Darcy nodded his approval. “As I expected—I cannot blame you.”

“It appears you had him in your power more than once yet stayed your hand… perhaps out of love for your father, or pleasant memories from childhood? I can assure you I suffer no such weakness.”

Darcy sighed. “The man has certain leverage on someone especially important to me. Ladies’ reputations are quite fragile. I need to ensure he has no opportunity to spread rumours.”

“Depend upon it, sir. He will go to court bound and gagged and may remain that way through his trial, which will be short and to the point. It will not be my first visit to a capital court, nor likely my last.”

Darcy marvelled at the nonchalant way the man spoke of dispensing death, but then reflected that his cousin did much the same to men who committed no sin worse than being born under the wrong king—or emperor, as it turned out—and the colonel had to dispense the measures personally.

He rubbed his chin a few moments in contemplation, as his sense of honour made him admit that he would also be guilty of the death of his childhood friend and a man his father loved.

Finally accepting the responsibility for both his present actions and any harms visited on innocents while he had dithered, he reached his decision.

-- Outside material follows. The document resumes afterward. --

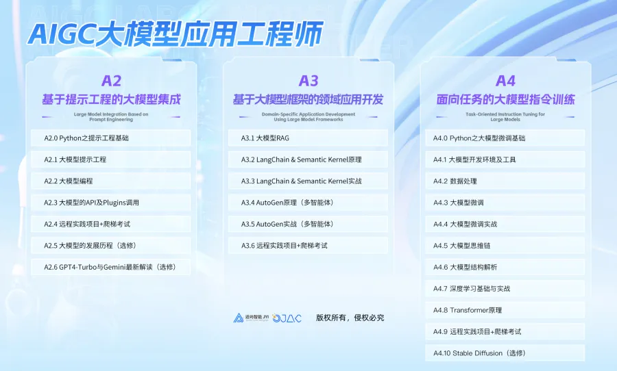 A系列:AIGC大模型应用工程师课程:本课程专为零基础到进阶的 AI 工程师学员打造,会依据个人情况定制学习路径。A2 阶段起,学员可在 100 个横跨多行业的真实选题中,开展 AI 智能体项目,全面提升技术与实战力,精准培育 AI 高薪人才。

“You need not trouble your niece. The man is in a small market town a few hours north of London, just off the Great North Road. He enrolled in the militia under a Colonel Forster in a town called Meryton, a few miles from Harpenden.”

His companion fixed him with a stern gaze. “You knew this all along?”

It sounded like a question, but they both knew it was not.

“I was protecting my sister.”

“I understand and we shall forget you said that. I would do a great deal to protect my daughters. My sisters never had a drop of sense between them, but I imagine I would have done the same for them, whether they deserved it or not. It is the nature of brothers.”

Darcy nodded, accepting the implied rebuke, strongly suspecting he had just betrayed his secret unthinkingly.

“How do you know he was in Meryton?”

“I saw him.”

“Did you warn anyone? Fathers? Merchants? His commanding officer?”

Darcy merely shook his head and felt the shame of his failure to act exceedingly.

“I grow tired of following the man about warning people, and to be honest, the second-worst man in that regiment will take his place overnight.”